Desejo que os vossos ECG’s estejam “dentro dos limites da normalidade”. E que os exames que poderíamos fazer às famílias, às instituições e associações, às igrejas e às empresas pudessem apresentar bons resultados. E ao descobrirmos “corações empedernidos” ou “mortos por falta de uso”, tenhamos a coragem de deixar a “normalidade”, e propor a justiça de Deus sem adiamentos, a responsabilidade humana sem subterfúgios, o amor de Jesus “para lá dos limites”. Quem sabe se com este choque do “desfibrilador pascal” não voltariam a bater alguns corações?

Pe. Vitor Gonçalves

in Voz da Verdade

 

A liturgia deste último domingo da Quaresma convida-nos a contemplar esse Deus que, por amor, desceu ao nosso encontro, partilhou a nossa humanidade, fez-Se servo dos homens, deixou-Se matar para que o egoísmo e o pecado fossem vencidos. A cruz (que a liturgia deste domingo coloca no horizonte próximo de Jesus) apresenta-nos a lição suprema, o último passo desse caminho de vida nova que, em Jesus, Deus nos propõe: a doação da vida por amor.

  • A primeira leitura apresenta-nos um profeta anónimo, chamado por Deus a testemunhar no meio das nações a Palavra da salvação.

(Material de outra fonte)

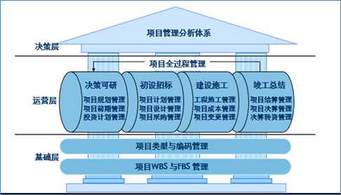? ? ? 1、基礎層:統(tǒng)一工程項管理口徑,確立項目類型和設計統(tǒng)一的編碼規(guī)則,并貫穿項目的全生命周期。規(guī)范和完善工作細分結構,建立網(wǎng)絡計劃管理體系。建立工程項目的財務分解結構,成為項目成本管理的規(guī)范和標準。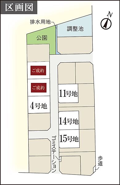| 建物面積 | - | 土地面積 | 202.27m2(4号地)、213.96m2(11号地)、210.51m2(14号地)、208.76m2(15号地) 私道負担なし |

Apesar do sofrimento e da perseguição, o profeta confiou em Deus e concretizou, com teimosa fidelidade, os projectos de Deus. Os primeiros cristãos viram neste “servo” a figura de Jesus.
  • A segunda leitura apresenta-nos o exemplo de Cristo. Ele prescindiu do orgulho e da arrogância, para escolher a obediência ao Pai e o serviço aos homens, até ao dom da vida. É esse mesmo caminho de vida que a Palavra de Deus nos propõe.
  • O Evangelho convida-nos a contemplar a paixão e morte de Jesus: é o momento supremo de uma vida feita dom e serviço, a fim de libertar os homens de tudo aquilo que gera egoísmo e escravidão. Na cruz, revela-se o amor de Deus – esse amor que não guarda nada para si, mas que se faz dom total.